With the intensity of S XI $\lambda $188.68 measured, one can estimate the intensity of S XI $\lambda $186.84 by simply multiplying by the factor 0.34. This derived intensity can then be compared with the measured S XI-Fe XII feature at 186.88 Å. For the two data columns in the May 3 and May 6 datasets analysed in Sects. 6 and 7, the results are shown in Fig. 5. The key point to note is that the majority of the pixels show a S XI contribution of $\le$5%. Where the electron density is high in the May 3 data (pixels 50-170, see Fig. 17) the S XI contribution is around 2% as the Fe XII lines are more sensitive to higher densities than the S XI line.

The contribution of the S XI line at the 5% level would have the most effect on the Fe XII densities where the Fe XII ratio is most sensitive, i.e., around $\log~N_{\rm e}=10.5$. Using CHIANTI we find the Fe XII density is reduced by 0.08 dex.

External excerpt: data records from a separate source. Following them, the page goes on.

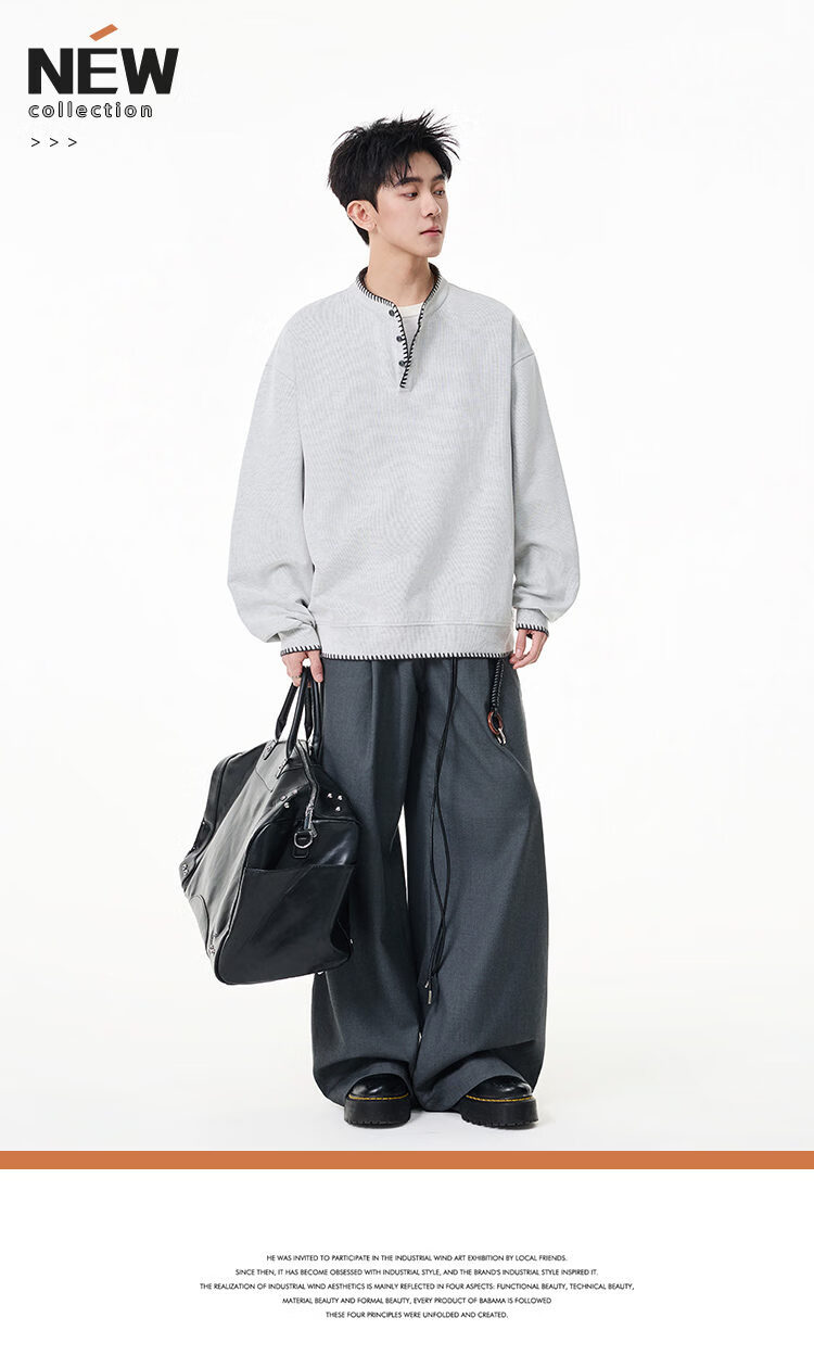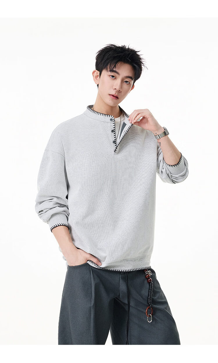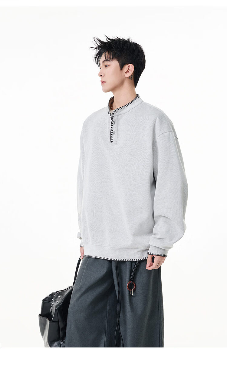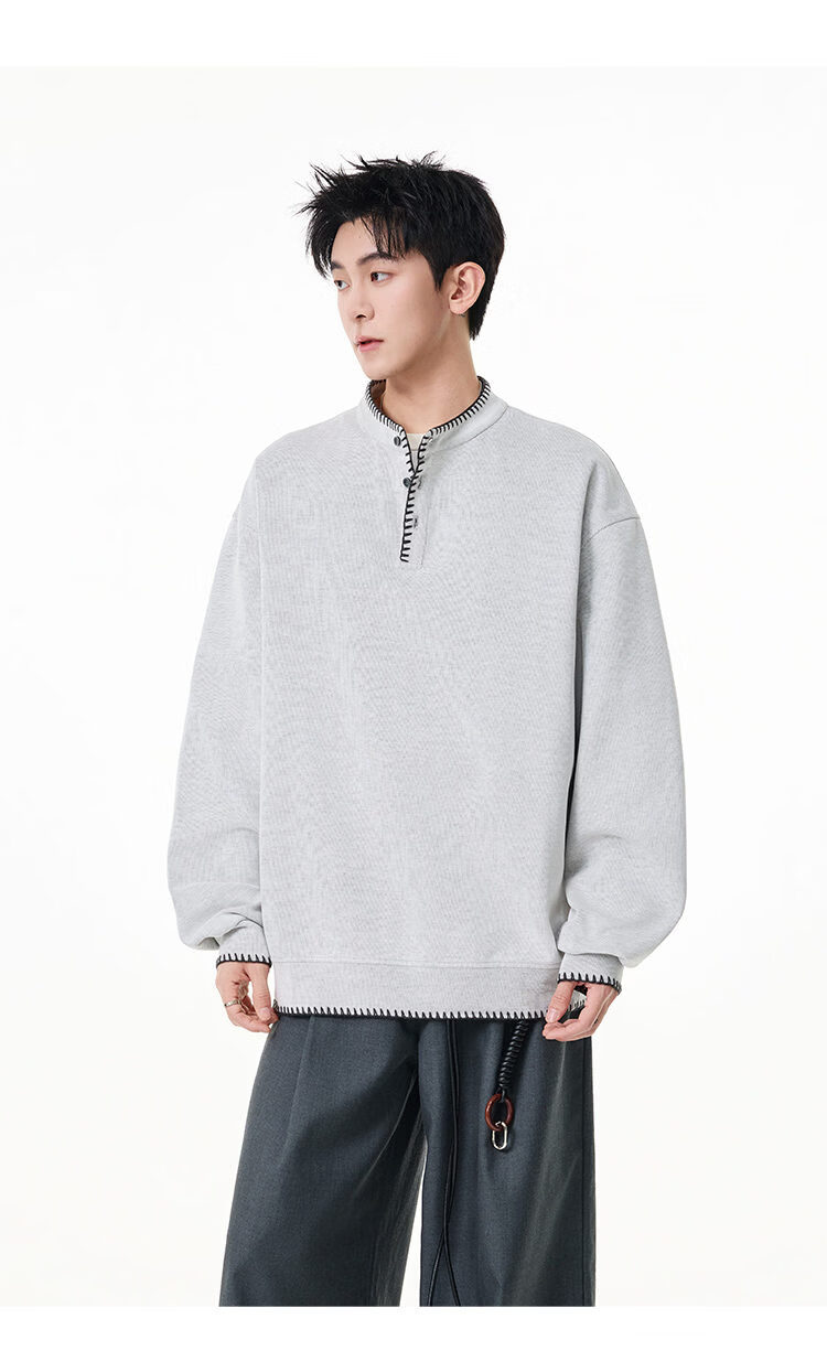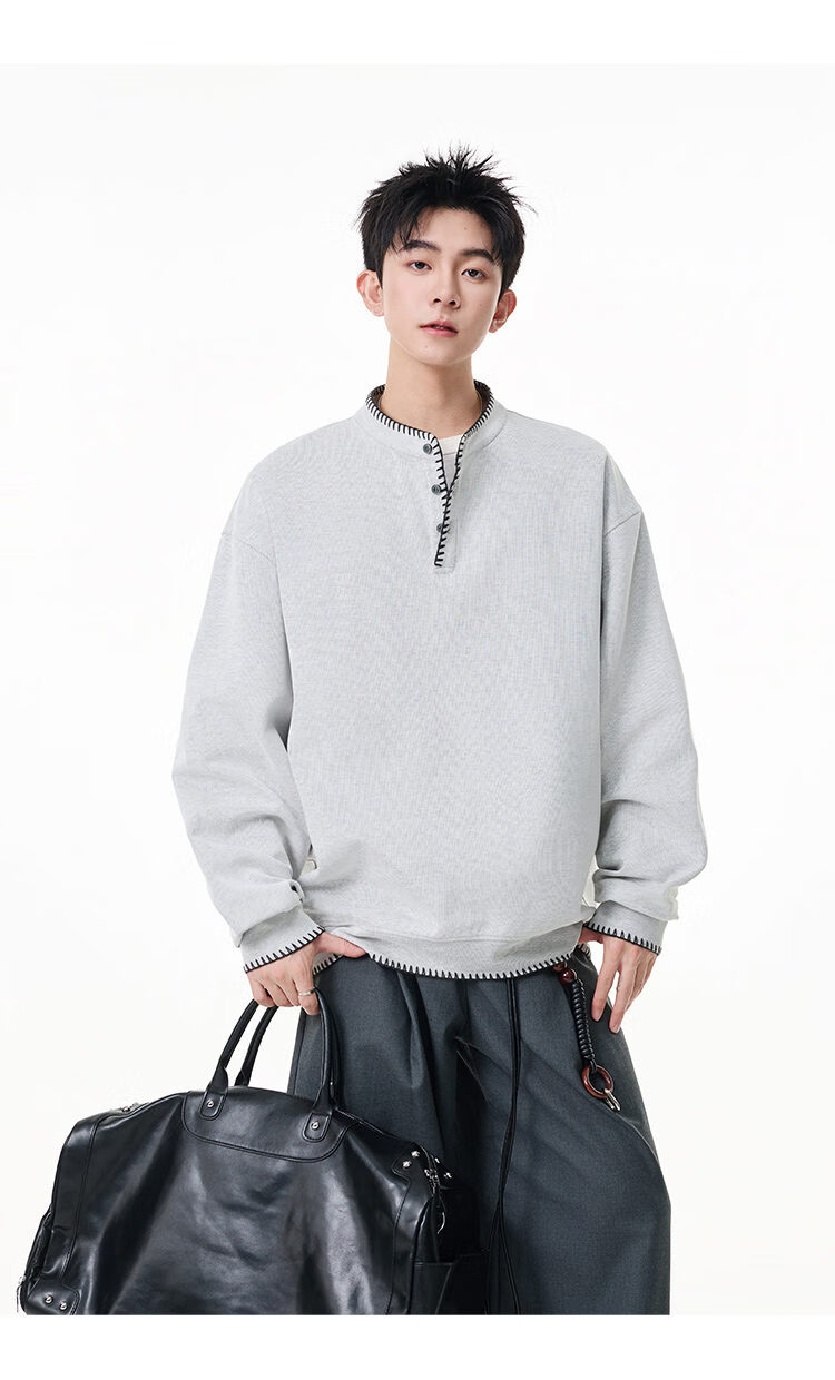 Scarecrow hand-stitched Henry collar sweatshirt for men 2026 spring new trendy brand couple loose pullover top, apricot color HW3801 M
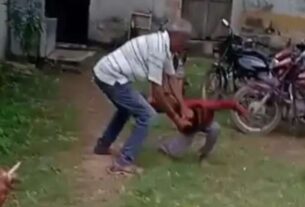 औरैया: उत्तर प्रदेश के औरैया जनपद का एक वीडियो सोशल मीडिया में जमकर वायरल हो रहा है। पत्नी के मायके जाने से दुखी पति नशे में धुत होकर अपने मासूम बेटे के साथ सड़क पर लेट गया। इस दौरान वह मासूम को बाहों में जकड़े हुए पड़ा रहा और लोगों की भीड़ तमाशबीन बनी रही। शराबी पति के इस घटना की चर्चा पूरे जिले में हो रही है। लोग सोशल मीडिया में वीडियो को शेयर कर तरह-तरह की बातें कर रहे हैं।
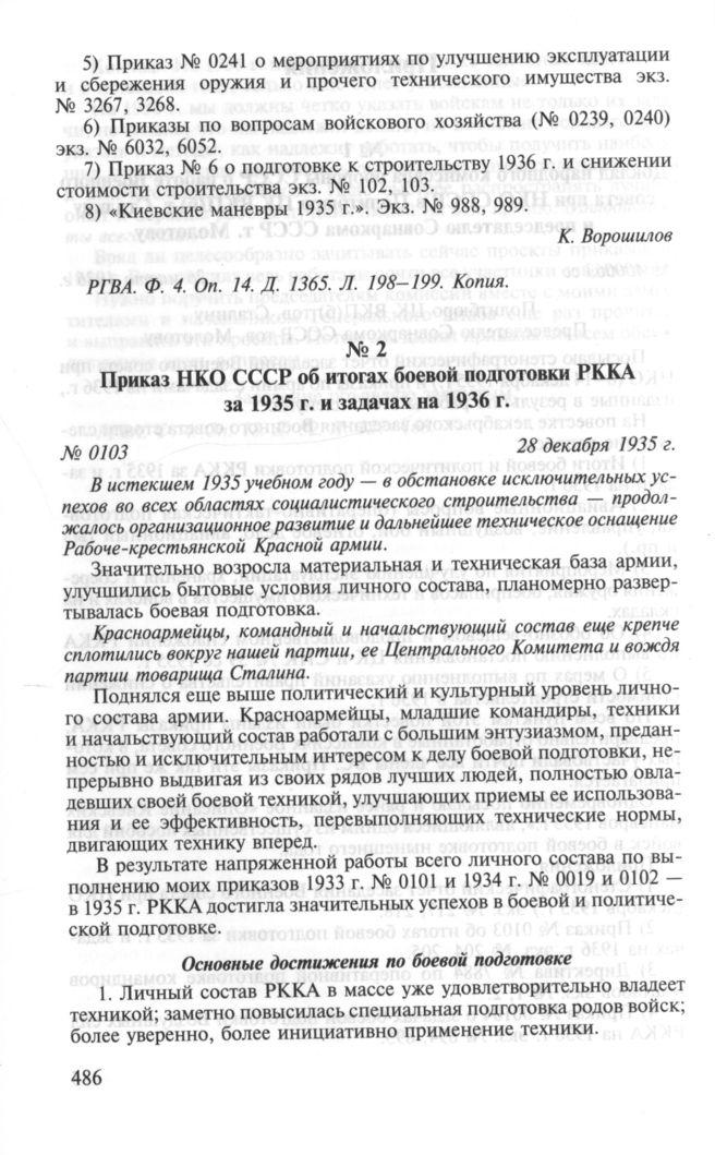 Приказ НКО СССР об итогах боевой подготовки за 1935 г. и задачах на 1936 г. № 0103. 28 декабря 1935 г. // РГВА. Ф. 4. Оп. 15а. Д. 406. Л. 53-63а. Типографский экземпляр.
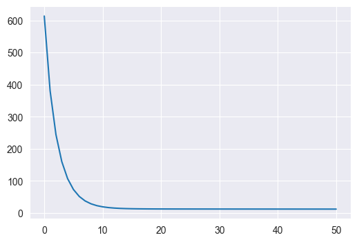 (w, losses) = gradient_descent(mse_and_grad, w0, 0.1, 50, Xweight, y)
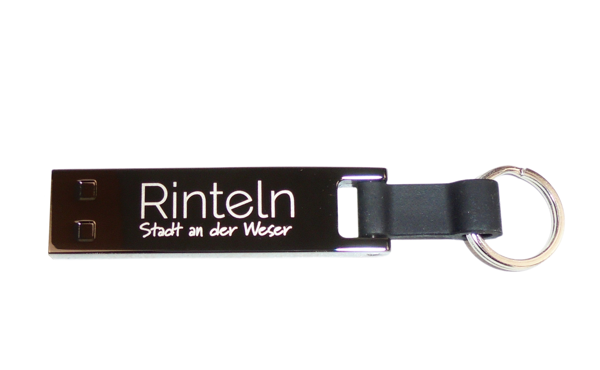 Ein cooles Souvenir ist der USB-Stick mit Rinteln-Schriftzug und praktischen Silikon-Schlüsselband. Der Rintelner USB-Stick (USB-Typ A) bietet mit 32 GB enorm viel Speicherplatz für Musik, Filme und wichtige Dokumente. Zudem ist er mit einer USB 2.0 Schnittstelle ist nicht nur praktisch, sondern auch optisch ansprechend. Durch sein rechteckiges Gehäuse in anthrazit macht der “Rinteln USB-Stick” einen eleganten und hochwertigen Eindruck

At $\log~N_{\rm e}=9.0$ the density is reduced by 0.05 dex. We also note that Brown et al. (2008) list a Ni XIV line as possibly blending with S XI $\lambda $188.68, potentially compromising the use of the S XI  line for estimating the $\lambda $186.84 contribution. Together with the fact that S XI $\lambda $188.68 is a weak line that is difficult to measure, we have decided not to correct Fe XII $\lambda $186.88 for the S XI contribution in the present analysis.

For fitting the 186.88 Å feature, it is necessary to consider nearby lines that are not directly blended but can affect line fitting. Fe VIII $\lambda $186.60 is not a blend, but sufficiently close that it can affect background estimates when fitting $\lambda $186.88. For this work both lines have been fitted simultaneously with two independent Gaussians. A weak line is found in the long wavelength wing of $\lambda $186.88 at 186.98 Å which has been suggested to be a Ni XI transition (Brown et al. 2008). Checks on the May 3 and May 6 data sets have demonstrated that this line is always weak relative to $\lambda $186.88, at most around 20% of the intensity. Adding an extra Gaussian to the fit to account for this line often works well, however there are a number of pixels that yield poor fits if there are missing data or weak lines. For the present work it was decided to ignore the Ni XI line by omitting the pixels at this wavelength - an example can be seen in Fig. 3. This method leads to much more robust fits while still yielding accurate estimates of the $\lambda $186.88 intensity.

 \begin{figure}
\par\includegraphics[width=12cm,clip]{0143f5.eps}
\end{figure} Figure 5:

The intensity ratio of S XI $\lambda $188.64 to the blended Fe XI $\lambda $186.88 feature for two columns of spatial pixels in the May 3 ( left panel) and May 6 ( right panel) data sets. The $\lambda $188.64 intensity has been estimated from fits to S XI $\lambda $188.68. For the May 6 data set, accurate fits to $\lambda $188.68 were not possible due to a dust particle on the CCD at this position.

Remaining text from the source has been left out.